New energy projects get 2-year approval window under new assessment regime

By The Canadian Press

Major new energy projects will have to be assessed and either approved or denied within two years under a massive new national assessment bill being introduced in the House of Commons.

Environment Minister Catherine McKenna, who tabled the 341-page Impact Assessment Act, says it will provide clarity and certainty about how the process works, what companies need to do, and why and how decisions are made.

Over $500 billion in major resource projects are planned across Canada in the next decade, McKenna told a news conference as she announced the new bill.

“These projects would mean tens of thousnds of well-paying jobs cross the country, and they would provide an economic boost for communities and our economy as a whole,” McKenna said.

“But we cannot get there without better rules to guide our decisions about resource development.”

McKenna accused her Liberal government’s Conservative predecessors of having “gutted” the environmental assessment process to the point of damaging public trust in the process almost to the point of no repair.

“Approvals were based on politics, rather than robust science,” McKenna said. “There were concerns that changes were putting our fish, our waterways and our communities at risk, and were not taking into account the climate impacts of projects.”

The ensuing pack of public trust resulted in “polarization and paralysis” that persists to this day, she noted.

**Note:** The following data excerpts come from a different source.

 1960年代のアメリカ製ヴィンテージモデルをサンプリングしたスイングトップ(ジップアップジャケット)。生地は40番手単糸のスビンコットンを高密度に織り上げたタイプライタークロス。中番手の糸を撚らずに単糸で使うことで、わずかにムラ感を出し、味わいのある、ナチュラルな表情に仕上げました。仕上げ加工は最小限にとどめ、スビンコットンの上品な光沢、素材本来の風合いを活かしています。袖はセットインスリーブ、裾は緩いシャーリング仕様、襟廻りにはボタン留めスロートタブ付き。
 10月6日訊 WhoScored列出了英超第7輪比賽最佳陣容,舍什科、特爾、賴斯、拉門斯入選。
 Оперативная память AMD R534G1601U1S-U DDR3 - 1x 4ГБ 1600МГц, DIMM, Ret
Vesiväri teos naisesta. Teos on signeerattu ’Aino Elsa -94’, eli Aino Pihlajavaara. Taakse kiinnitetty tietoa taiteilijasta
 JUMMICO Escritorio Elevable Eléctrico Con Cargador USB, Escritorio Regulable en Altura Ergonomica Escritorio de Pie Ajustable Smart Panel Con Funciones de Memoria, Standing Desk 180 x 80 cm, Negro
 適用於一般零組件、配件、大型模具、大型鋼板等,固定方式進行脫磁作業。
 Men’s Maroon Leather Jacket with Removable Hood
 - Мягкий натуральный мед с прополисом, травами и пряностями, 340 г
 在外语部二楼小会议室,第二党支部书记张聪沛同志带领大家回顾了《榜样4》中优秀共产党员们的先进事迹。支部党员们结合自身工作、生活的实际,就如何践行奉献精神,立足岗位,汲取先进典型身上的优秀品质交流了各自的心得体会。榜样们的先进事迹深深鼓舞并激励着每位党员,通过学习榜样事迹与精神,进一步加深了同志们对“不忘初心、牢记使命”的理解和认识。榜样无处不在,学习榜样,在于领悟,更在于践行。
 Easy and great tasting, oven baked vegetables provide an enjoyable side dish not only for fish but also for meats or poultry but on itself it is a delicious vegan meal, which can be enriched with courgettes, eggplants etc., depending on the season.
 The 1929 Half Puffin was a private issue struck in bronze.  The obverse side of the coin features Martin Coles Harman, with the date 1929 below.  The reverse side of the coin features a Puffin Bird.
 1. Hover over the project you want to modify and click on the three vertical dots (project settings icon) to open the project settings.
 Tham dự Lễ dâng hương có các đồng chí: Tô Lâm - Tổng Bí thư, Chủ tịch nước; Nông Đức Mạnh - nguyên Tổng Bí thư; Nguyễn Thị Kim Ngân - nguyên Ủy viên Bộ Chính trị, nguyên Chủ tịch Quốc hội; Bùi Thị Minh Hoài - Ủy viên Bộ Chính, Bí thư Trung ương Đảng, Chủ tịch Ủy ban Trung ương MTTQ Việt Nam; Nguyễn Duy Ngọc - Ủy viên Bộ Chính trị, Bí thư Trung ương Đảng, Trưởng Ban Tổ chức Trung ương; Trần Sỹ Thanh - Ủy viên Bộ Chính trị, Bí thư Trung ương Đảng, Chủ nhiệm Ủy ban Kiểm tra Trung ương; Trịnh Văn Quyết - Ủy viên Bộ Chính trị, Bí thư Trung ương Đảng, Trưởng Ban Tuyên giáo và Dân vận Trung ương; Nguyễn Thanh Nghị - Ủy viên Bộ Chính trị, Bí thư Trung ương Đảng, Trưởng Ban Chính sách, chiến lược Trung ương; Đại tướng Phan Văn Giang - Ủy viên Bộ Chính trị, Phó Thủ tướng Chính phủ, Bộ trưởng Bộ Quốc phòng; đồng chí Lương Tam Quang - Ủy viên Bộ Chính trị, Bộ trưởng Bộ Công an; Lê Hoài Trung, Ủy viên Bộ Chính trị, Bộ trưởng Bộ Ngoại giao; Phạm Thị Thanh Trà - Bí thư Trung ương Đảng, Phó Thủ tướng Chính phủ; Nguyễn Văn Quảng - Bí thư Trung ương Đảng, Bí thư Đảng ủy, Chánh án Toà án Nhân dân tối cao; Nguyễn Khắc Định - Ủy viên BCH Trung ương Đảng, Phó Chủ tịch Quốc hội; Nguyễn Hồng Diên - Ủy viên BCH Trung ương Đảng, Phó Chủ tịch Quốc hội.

Once the new law is passed, major projects will continue to be evaluated by a federally appointed review panel, but that would happen in concert with bodies such as the Canadian Energy Regulator — the new name of the current National Energy Board.

Smaller projects that have fewer assessment requirements will need to be decided on within 300 days, instead of the current 450.

All projects will be assessed not just for environmental impacts, but also for impacts on health, the economy, social issues, gender and Indigenous rights.

They will be assessed on the basis of “robust science, evidence and traditional Indigenous knowledge,” McKenna said.

“Indigenous Peoples would be consulted in a … meaningful manner.”

While the last word will still largely reside with the federal cabinet, decisions will be made on whether a project is in the public interest by weighing the positives and negatives of a project against each other.